What is Multiple Sclerosis?
Multiple Sclerosis (MS) is a chronic, inflammatory and neurodegenerative human disease which results from the autoimmune destruction of myelin and associated collateral tissue damage within the human central nervous system.
MS affects approximately 2.5 million persons worldwide. In the United States, MS is the most common cause of non-traumatic, long-term neurological disability in young adults, affecting at least 400,000 persons. Although MS is found throughout the world, marked regional variability is well known and likely reflects a combination of multiple interacting genetic and environmental influences. MS is usually first noted in young adults, affecting women two to three times more frequently than men.
Despite the common description of MS as one disease, several subtypes are recognized clinically. The established clinical subtypes include: relapsing-remitting (RRMS), primary progressive (PPMS), secondary progressive (SPMS), and progressive-relapsing (PRMS) forms. Over decades most untreated persons with RRMS will become ?secondarily progressive?; i.e. will develop SPMS. At least 85% of the entire MS population is represented within the combined categories of RRMS and its subsequent form, SPMS. Persons with primary progressive MS (PPMS) are those who never have relapses and remissions, and comprise about 10% of all persons with MS. Progressive-relapsing MS (PRMS) is progressive from the onset without remission and is later punctuated with relapses and remissions. This form of MS affects about 5% of persons with MS.
A common individual course of MS is shown in the figure. As shown, the first clinical evidence of RRMS is usually preceded by subclinical disease activity most sensitively detected by changes in magnetic resonance imaging (MRI) of the brain. Eighty to 90% of new MRI events may not cause clinical symptoms perhaps due to their relatively small size, preferential distribution within the brain white matter, and redundancy of brain circuitry.
A new MRI event is an area of inflammation which is typically detected with a gadolinium (Gd)-enhanced MRI of the brain or spinal cord. After a period of a few weeks, the inflammation subsides, leaving an area of scar tissue (sclerosis) behind. The descriptive diagnostic term ?multiple sclerosis? derives from the multiplicity of these scarred (sclerotic) areas accumulated over time.
Clinical relapses can be associated with a variety of symptoms due to MS-related damage in brain and spinal cord. These may include disturbances of sensation, limb weakness, changes in vision or speech, balance or coordination problems, bowel and bladder control problems, excessive fatigue, and cognitive problems. As more inflammatory events occur over time, some of which actually reach clinical prominence (clinical relapses), the overall clinical and MRI extent of disease mounts (as shown in the Figure, white and orange lines, respectively).

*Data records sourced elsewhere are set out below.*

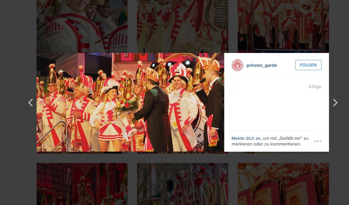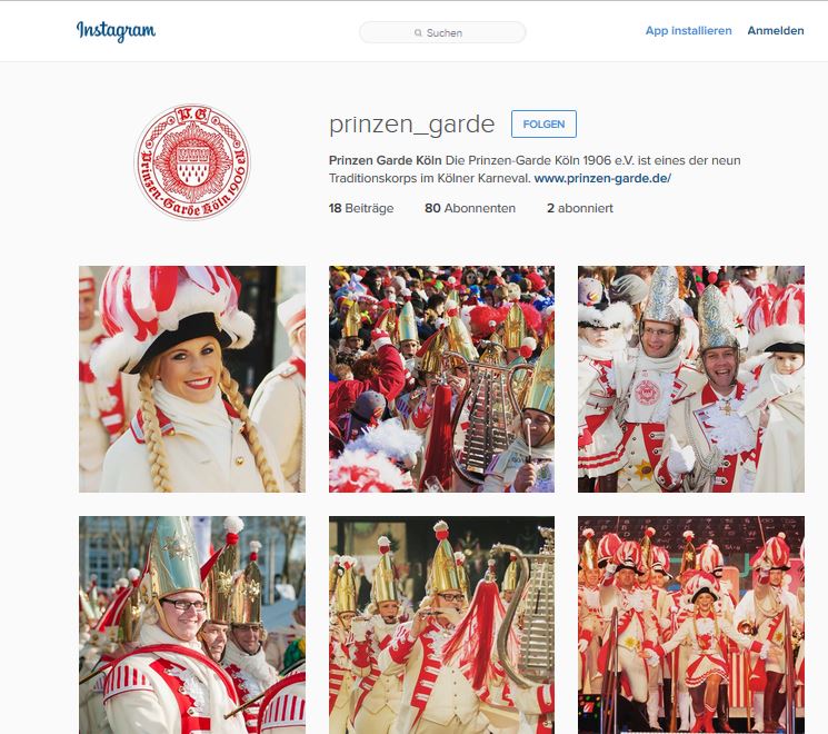 Jeder kann die Bilder und Videos online anschauen, dazu sind kein Instagram-Account oder eine App notwendig. Über einen eigenen Instagram-Account kann man der Prinzen-Garde folgen und die Bilder liken. Wir freuen uns über viele neue Fründe, die uns nohgonn un zoluure (Follower)!
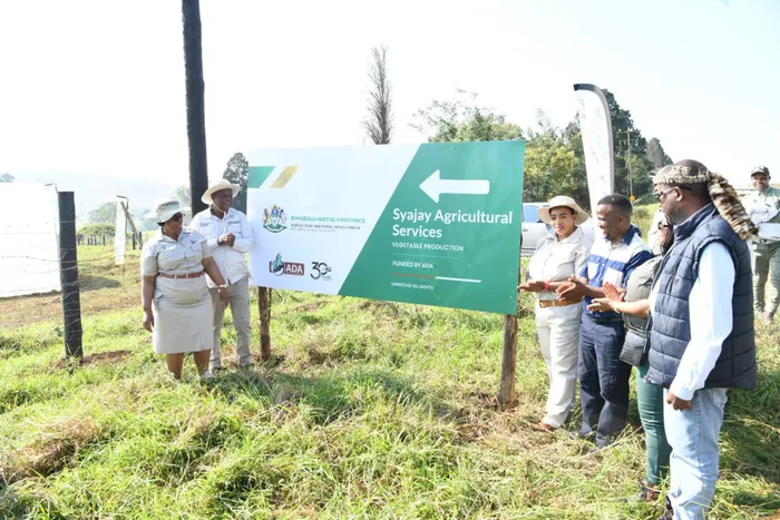 UMPHATHISWA wezoLimo KwaZulu-Natal, uMnuz Super Zuma kwesokudla noNdunankulu waKwaZulu-Natal, uNkk Nomusa Dube, bevakashele inkampani yentsha ezuze uxhaso kwi-Agribusiness Development Agency (ADA)ISITHOMBE: SITHUNYELWE
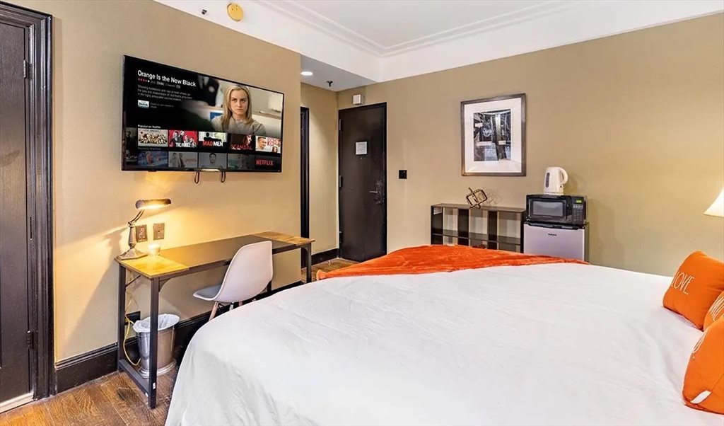 The Studio King at Mansfield Residence has a private entrance from the hallway and ensures complete independence. Inside, you’ll find a king-size bed, an ensuite bathroom, a study desk, a smart TV with a streaming device, a mini-fridge, microwave, a coffee maker, and kettle, everything you need for a comfortable stay. This room does NOT have a PRIVATE KITCHEN! Billing cycle is 4-weeks.
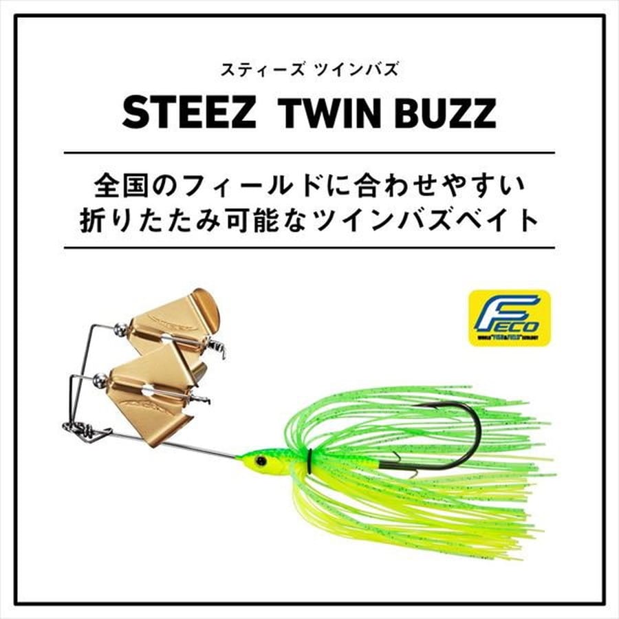 全国のフィールドに合わせやすい折りたたみ可能なツインバズベイト!アルミペラを2枚搭載したバズベイト。特徴的な形状ながら、ツインペラによる恩恵は非常に大きい。通常バズベイトは着水からある程度リトリーブしないと水面までペラが上がってこず、一番バイトが期待できる着水直後のアクションを出しにくい。スティーズ ツインバズはペラが2枚あることで着水後すぐに急浮上しアクションを開始するため、バイトチャンスを逃さない。ペラが2枚付いていることで、姿勢安定にも貢献。高速リトリーブでもルアーが傾かずに泳ぎ切ることが出来る。また、バズベイトとは思えない飛距離を出せるのも、ツインバズの魅力だ。広範囲を探る釣りにおいて、大きなアドバンテージとなっている。スティーズ ツインバズはウエイトを1/4ozクラスとし、折りたためる構造を採用した。ペラ側のワイヤーをつまんでたたむことで、ケース内でかさばらず、ライトなタックルでルアーやタックルを絞りたい陸っぱりの釣りでも重宝出来る。是非、スティーズ ツインバズの威力を体感してほしい。
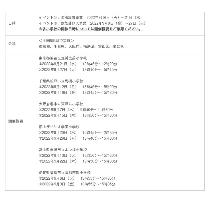 本プロジェクトへ挑戦する小学校は東京都、千葉県、大阪府、福島県、富山県、愛知県の全国6地域6つの小学校。本来食べることを目的として行われる「養殖」。2022年9月に行われる「水槽設置授業」と「お魚受け入れ式」より約半年の成育の後、子どもたちはどのような結論を導き出すのか。
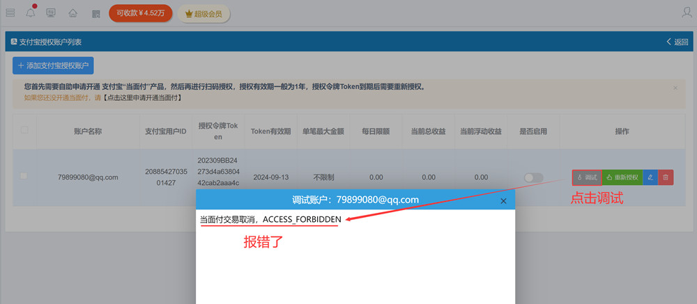 1、调试账户报错“当面付交易取消,ACCESS_FORBIDDEN”,提示这个错误,说明你的支付宝账号还没开通“当面付”产品,请先前往支付宝【当面付】页面申请开通。

At the same time, and now known to begin at even the earliest stages of MS, brain tissue loss also starts to occur, especially in untreated individuals. These changes correlate with long term irreversible physical and cognitive disabilities seen in many persons with MS. After 10 years disease duration, approximately 50% of untreated RRMS individuals will transition to SPMS.
This evolution is currently only recognizable after slow clinical worsening is noted in the absence of clinical relapses. All of these processes together lead to gradual MS worsening such that half of untreated persons with MS require a walking aid after 15-20 years of illness. The goals of early treatment of persons with MS are to help prevent the accumulation of brain and spinal cord damage that results in the disabling features of MS.